Please i need help with this long equation:
$\neg\forall x\neg(\neg p(x) \lor q(x)) \rightarrow \neg\exists x(\neg p(x) \land \neg q(x)) \models \forall x(p(x) \lor q(x))$.
I am solving with resolution method. Below is what i have done, and was stock.

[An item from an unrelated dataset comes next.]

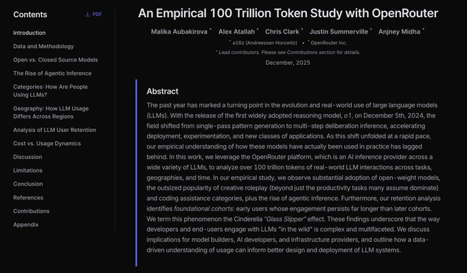 我們與 @ a16z合作發佈了 **人工智能現狀**——一份關於 LLM 在 OpenRouter 上如何使用的實證報告。 在過去一年中,我們分析了數百個模型中超過 100 萬億個代幣以及 300 多萬用戶(不包括第三方)的數據,我們有很多見解想要分享。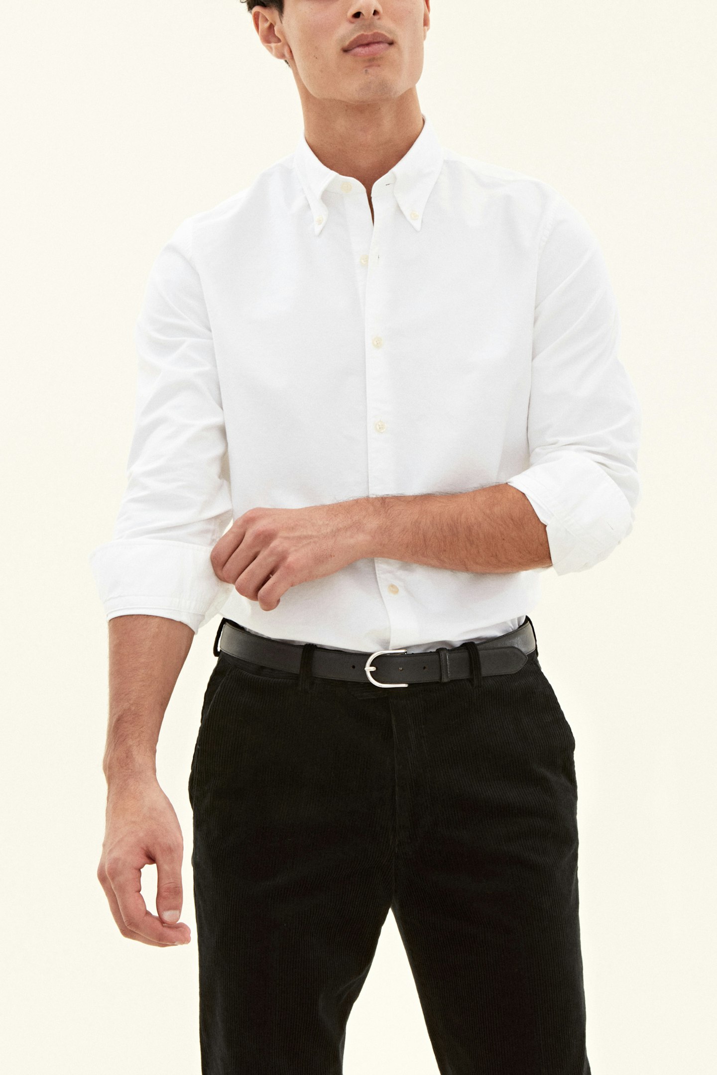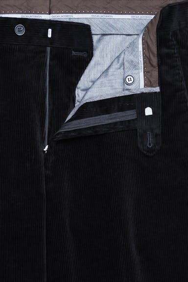 Bred kordfløyelbukse med fleksibel stretch! Denne modellen er smal i passformen og har en stilsikker, litt kortere benlengde enn de klassiske dressbuksene. Det betyr at buksebenet slutter rett over skoen uten å være nær skoen. Kan med fordel brukes sammen med en jakke i litt tykkere stoff, oxfordskjorte og brogues

$\neg\forall x(p(x) \lor q(x))$
$\neg\forall x\neg(\neg p(x) \lor q(x))$
$\forall x(\neg p(x) \land \neg q(x))$
$\neg p(a) \land \neg q(a)$
$\neg\forall x(p(x) \lor q(x))\lor \neg\exists x(\neg p(x) \land \neg q(x))$
$\exists x\neg(\neg p(x) \lor q(x)) \lor \neg\exists x(\neg p(x) \land \neg q(x))$
$\exists x(p(x) \land \neg q(x)) \lor \neg\exists x(\neg p(x) \land \neg q(x))$
$\exists x\exists y((p(x)\land \neg q(x)) \lor p(y) \land q(y)$
First I'm going to change a bit the left part ($p\rightarrow q\equiv \neg p \vee q$ and De Morgan's rule). So we have to show $$\forall x (p(x)\wedge q(x))\vee\forall x(p(x)\vee q(x))\models \forall x (p(x)\vee q(x)).\quad \quad \quad(1)$$ Using the resolution method, we have to negate the right part and arrive to a contradiction. So, negating the right part we have $$\exists x \neg( p(x)\vee q(x)).$$ With this we know there is an element $a$ such that $$\neg (p(a)\vee q(a)).\quad\quad\quad (2)$$ Now using the left part of $(1)$ we know that for $x=a$ this stands (for both quantifiers), so we have $$(p(a)\wedge \neg q(a))\vee p(a)\vee q(a),$$ which you can show that is equivalent to $$p(a)\vee q(a).$$ Combining the last equation with $(2)$ we get that $$p(a)\vee q(a)\wedge \neg(p(a)\vee q(a)),$$ which is a contradiction.